For the agriculture chief, the only way for consumers to feel the change in policy was if the government would decide to set a benchmark for the price of imported rice—a mandate that only the National Food Authority has the power to impose.
“Unless they allow private traders to import rice with a condition that they can only sell these imports at a certain price, it can work. But until then, nothing is going to change.”<
With nothing to stop the deluge of rice imports that are about to enter the country, stakeholders in the agriculture sector as well as economic managers are banking on one thing: A better safeguard for local farmers against tighter competition.

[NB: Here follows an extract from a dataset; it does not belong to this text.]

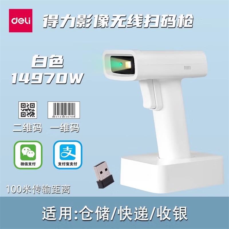 - 商品名称:得力14970W二维条码扫描枪 收银支付扫描器充电底座 白色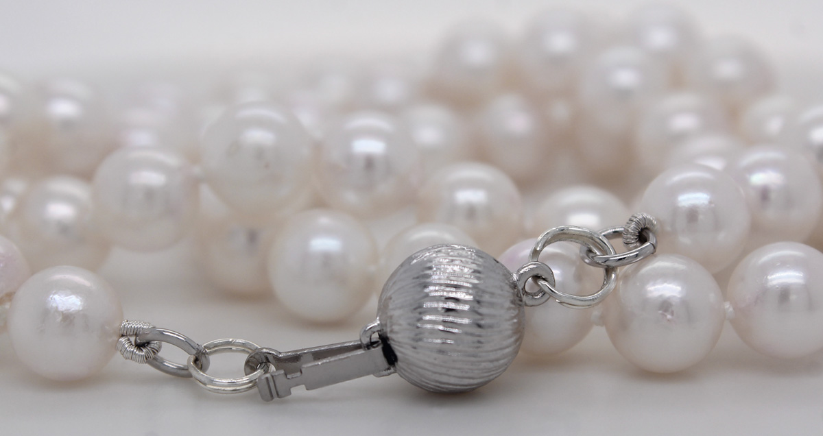 Japanische Akoyaperlenkette Sterlingsilber 925 Kugelschließe. Feine Japanische Akoyaperlen mit Sehr feinem, weißlippig strahlendem Perlenlustre. Schliesse: Kugelverschluss d:8,7mm in Silber 925, Gewicht: 25,50 Gramm, Kettenlänge: 45cm. Feines Perlenunikat, welches von Hand aufgezogen und geknüpft wurde. Ein imposanter und zeitloser Klassiker, welcher jedes Herz höher schlagen lässt

The Duterte administration has decided to remove its quota on importation under the QR scheme, which was meant to work as a protection for our own rice producers.
Faced to compete with cheaper rice imports, many are worried that this scheme would aggravate the plight of local farmers who are mostly caught up in poverty.
“What we need is a comprehensive government program that would significantly increase public spending in the strategic areas of the rice sector,” Sinag said.
“These government programs must be anchored on the development of our capacity to produce our staple and food requirements,” the group added.